This program simply parses through a list of .ABI files provided by the user, organize the files into a hierarchical structure, and insert the corresponding entries into a simple SQL database.
- organizing
Using the database
- Copy/Move the sequence files into the Input folder.
- Click the "Check Quality" button to separate out the good and bad quality ones. Then click "View Uncertains" to see the files whose quality is inbetween good and bad. Judge if the sequence is good enough for giving meaningful BLASTn result. If yes, move it to the Good folder; if not, Bad folder.
- Input the information about the sequence files to the fields in Step 2, and check that the information are correct.
- Click the "Import Files" button. This will import the sequence files into the SQL database, create FASTA version of each sequence, and organize all the files into folders according to their Plate/Clone Alphabet. This will also produce a log file, which is equivalent to the transaction log on the interface.
- If there is any exception, click the "View Exceptions" button to view those files. If any exception file is a valid trace file, then use the manual input interface to add it into the database. Otherwise, the user should remove the file.
Note: If there is any error during the import process, the error message is usually displayed in the command line window that accompanies the software window.
The database
The database is an elementary SQLite database containing two tables, along with three views.
The first table is the Sequence table, which contains most of the information about the sequence files. The other table is the Blast table, which contains only the first result of the BLASTn search on the sequence.
The three views are: LowQuality, Rerun, and Pursue.

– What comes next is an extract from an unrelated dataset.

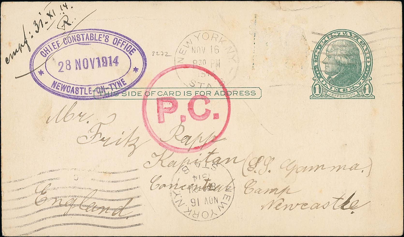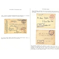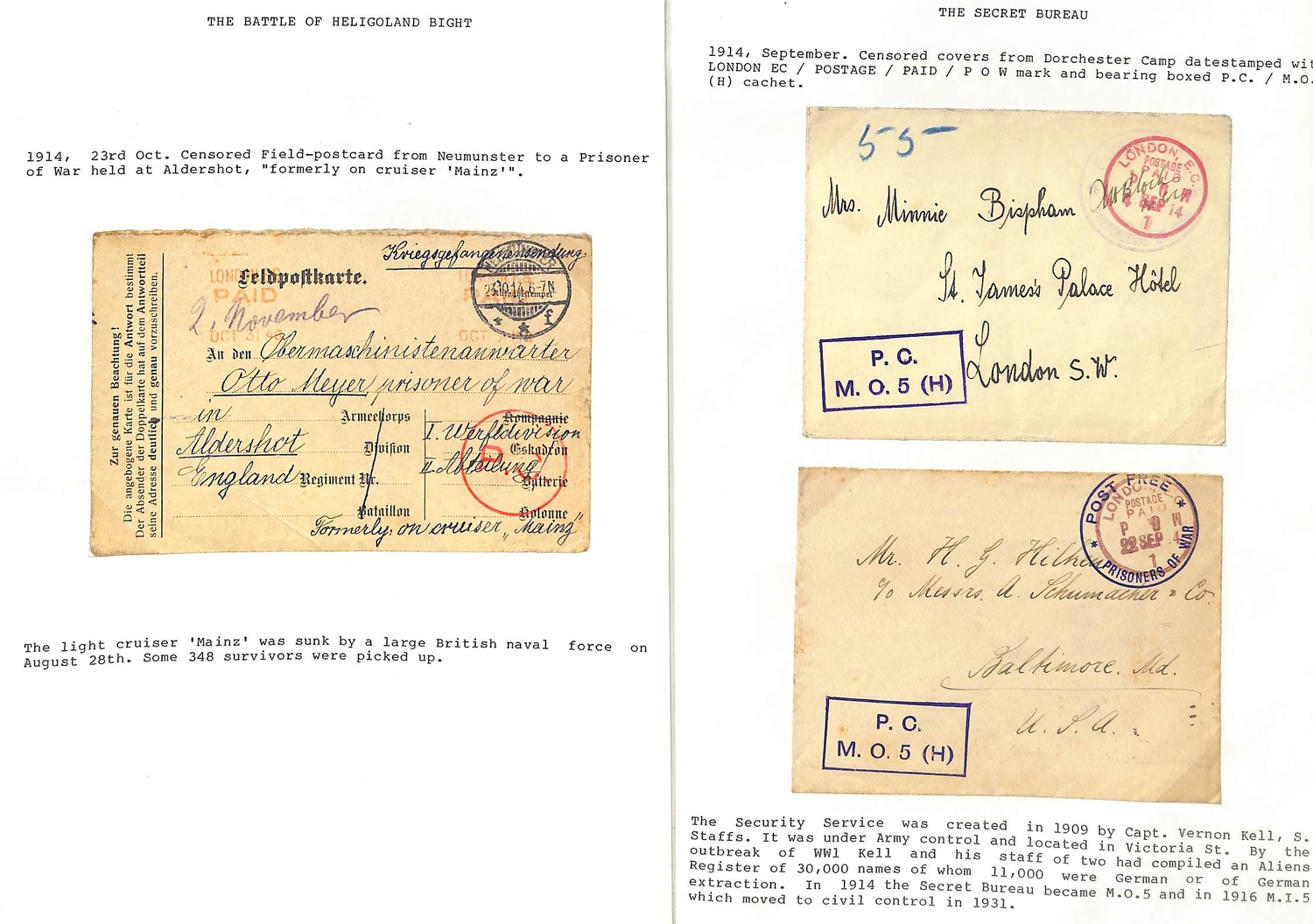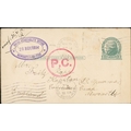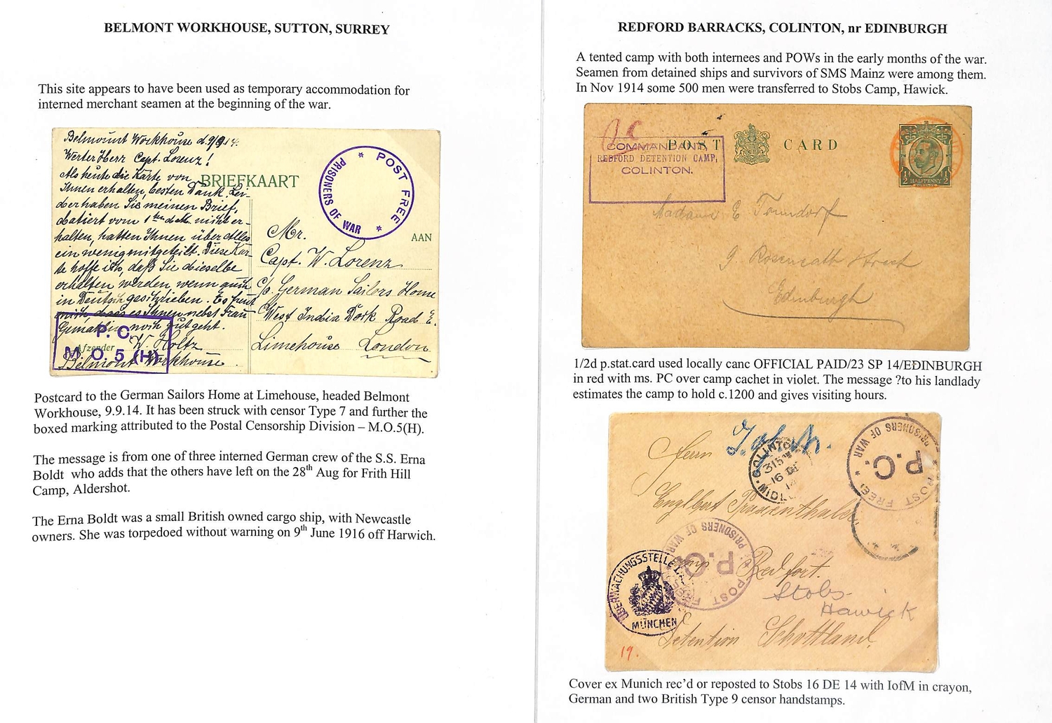 1914 (Sep. - Dec.) Covers and cards from (4) or to (3) P.O.Ws or internees comprising two covers from Dorchester with the scarce red "LONDON E.C / POSTAGE / PAID / POW" c.d.s and violet boxed "P.C. / M.O.5 (H)"; postcard from Frith Hill also with the "P.C / M.O.5 (H)" cachet; postcard from the U.S.A to the Captain of S.S "Gamma" at Concentration Camp, Newcastle, with violet oval "CHIEF CONSTABLE S OFFICE / 28 NOV 1914 / NEWCASTLE-ON-TYNE"; postcard to a crew member of the "Mainz" at Aldershot; ½d postcard cancelled by red "OFFICIAL PAID / EDINBURGH" c.d.s with violet boxed "COMMANDANT / REDFORD DETENTION CAMP / COLINTON"; and a cover to Colinton redirected to Stobs and the Isle of Man. (7). Photo on Page 46.

| ID | Plate | Clone | Primer | Run_date | Student | Instructor | Institution | Quality | FASTA | ABI | Pursue | Comment |
|---|---|---|---|---|---|---|---|---|---|---|---|---|
| 2384 | 2 | H5 | F | 2006-20-01 | NLA | Bangera | Bellevue College | 1 | Sequence Files/FASTA/PF002/H/Pf002_H5F_2006-20-01.fasta | Sequence Files/ABI/PF002/H/Pf002_H5F_2006-20-01.abi | 0 |
- ID
- Unique identifier of the sequence in the database. This information is used to correlate the sequence with its BLASTn search result in the Blast table.
- Plate
- The plate number of the bacteria clone.
- Clone
- The clone number of the bacteria clone.
- Primer
- The primer used for the sequencing reaction. F stands for SL1, R stands for SR2.
- Run_date
- The specific date when the sequence was read on the sequencing machine. When the sequencing machine is left to run overnight, it is possible that two different sequencing in that same batch will have different run date. This is because the run date extracted from the sequence file is the date of *that* individual file. For instance, both sample A and B are loaded into the sequencing machine at the same time, but sample A is sequenced on 11:30 PM of 2010-10-23, sample B is sequenced on 1:05 AM of 2010-10-24, then they will have different run date.
- Student
- The student who performed the procedures to sequence the clone.
- Instructor
- The instructor who oversee the student.
- Institution
- The place where the sequencing was done.
- Quality
- How good the sequence is. There are two possible values: 0 and 1. "1" means that the sequence is good enough for BLAST search, "0" means otherwise. Even if a record has a quality of "1", it does not mean that it will be perfect, but only that it might still give meaningful result in BLAST searches.
- FASTA
- Path to FASTA file of the sequence.
- ABI
- Path to ABI trace file of the sequence.
- Pursue
- Whether the sequence is selected for further investigation. "1" means yes, and "0" means no.
- Comment
- Any additional comment.
| ID | Genome | Organism | E_value | Query_from | Query_to | Subject_from | Subject_to | Identity | Similarity |
|---|---|---|---|---|---|---|---|---|---|
| 2384 | CP002585.1 | Pseudomonas brassicacearum subsp. brassicacearum NFM421 | 1e-145 | 100 | 745 | 40555456 | 40556101 | 99% | F113 |
- ID
- Unique identifier for the sequence in this database. This value is used to link the BLASTn result with a sequence in the Sequence table.
- Genome
- Genome ID of the matching organism. The value used here is the Genebank ID, not the accession ID.
- Organism
- Name of the organism that this gene is found in, with the highest certainty by the BLASTn search.
- E_value
- Expected matching sequences in the database just by chance.
- Query_from and Query_to
- Location of the matching hit on the query.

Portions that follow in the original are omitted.